**WORK TASK:** Output each line of the data below exactly, omitting any image.

**SUPPLIED DATA:**
━━━

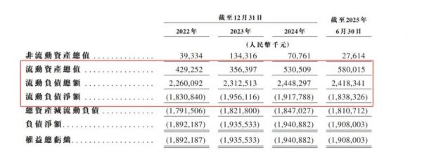 招股书来看,从2022年到2024年,以及2025上半年,公司的流动负债总额分别为22.6亿元、23.13亿元、24.48亿元及24.18亿元。
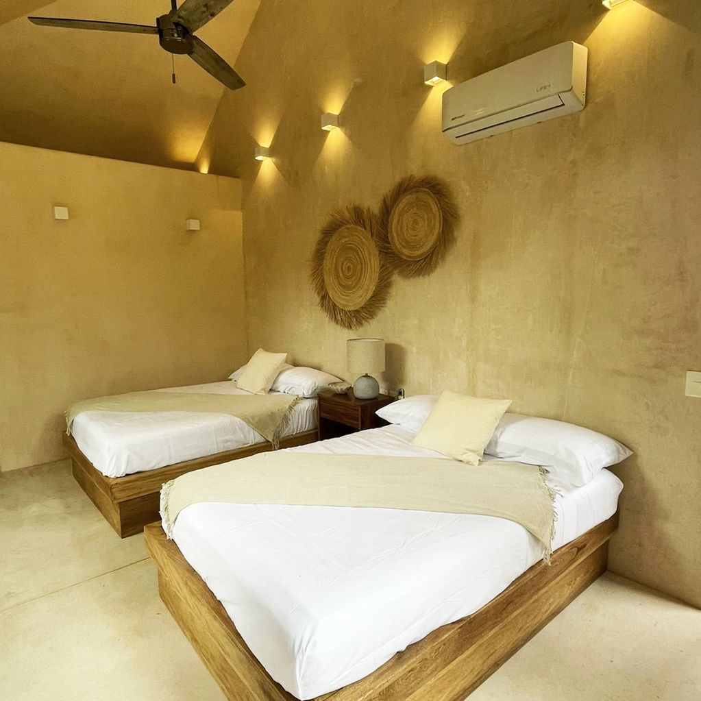 This imposing villa has 4 rooms inside, each with a private bathroom. The distribution is as follows: A main room with a king size bed where you can appreciate the beauty of the Chacalilla sea in the distance, two rooms with two double beds each and the last one with a king size bed.
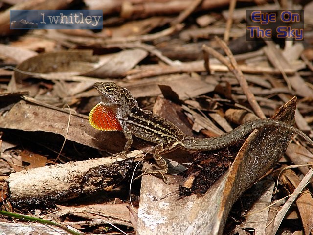 ![]() We believe this was a type of Gecko, and we managed to snap it just as it was flexing the colourful skin under its neck. We have similar critters around our pool in Bradenton! . |
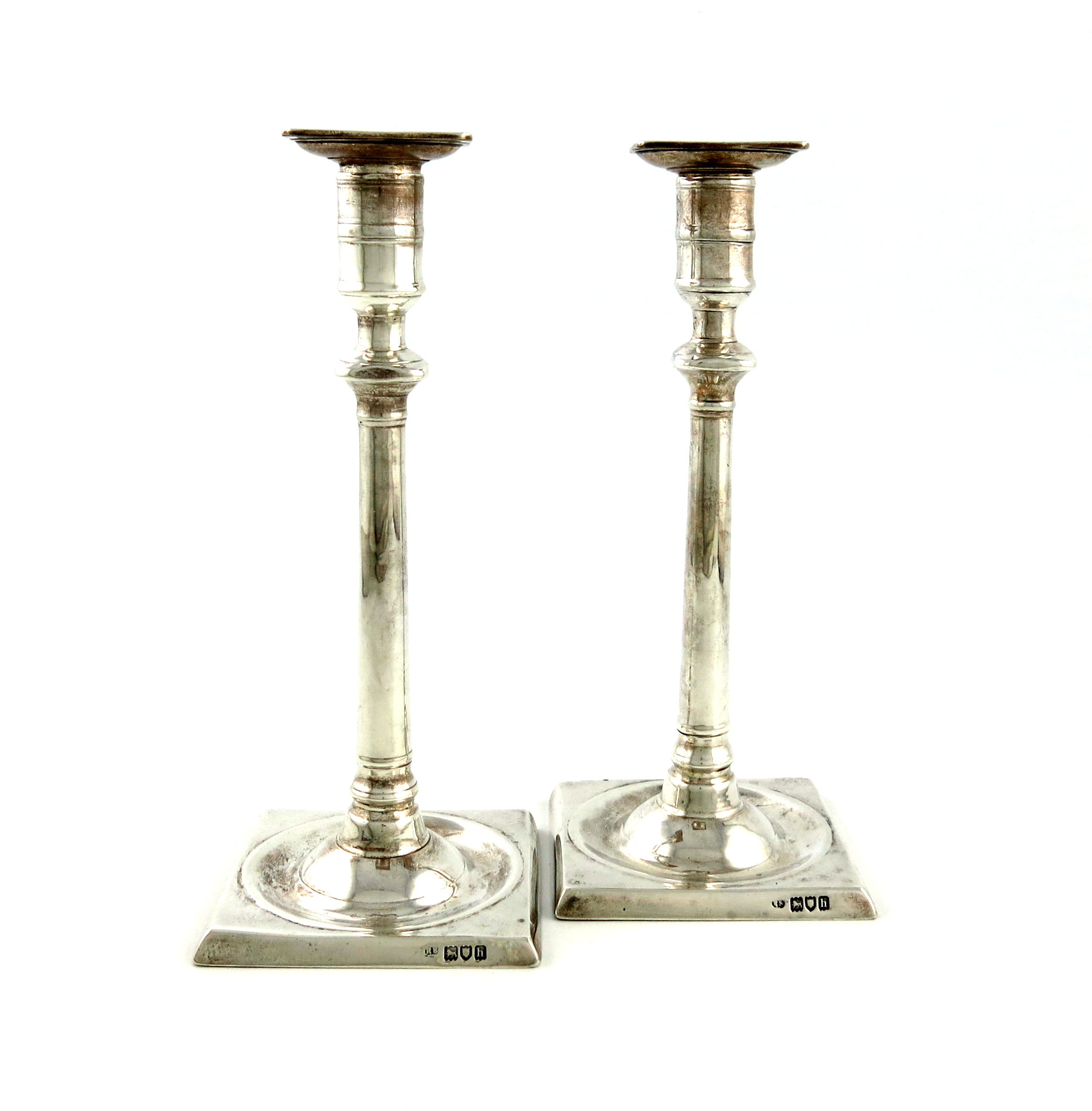 tapering circular columns, spool shaped capitals, detachable drip pans, on square bases, height 22.8cm. approx. weight 25.7cm. (2)

━━━

**ANSWER TO THE EXERCISE:**
 招股书来看,从2022年到2024年,以及2025上半年,公司的流动负债总额分别为22.6亿元、23.13亿元、24.48亿元及24.18亿元。
 This imposing villa has 4 rooms inside, each with a private bathroom. The distribution is as follows: A main room with a king size bed where you can appreciate the beauty of the Chacalilla sea in the distance, two rooms with two double beds each and the last one with a king size bed.
 ![]() We believe this was a type of Gecko, and we managed to snap it just as it was flexing the colourful skin under its neck. We have similar critters around our pool in Bradenton! . |
 tapering circular columns, spool shaped capitals, detachable drip pans, on square bases, height 22.8cm. approx. weight 25.7cm. (2)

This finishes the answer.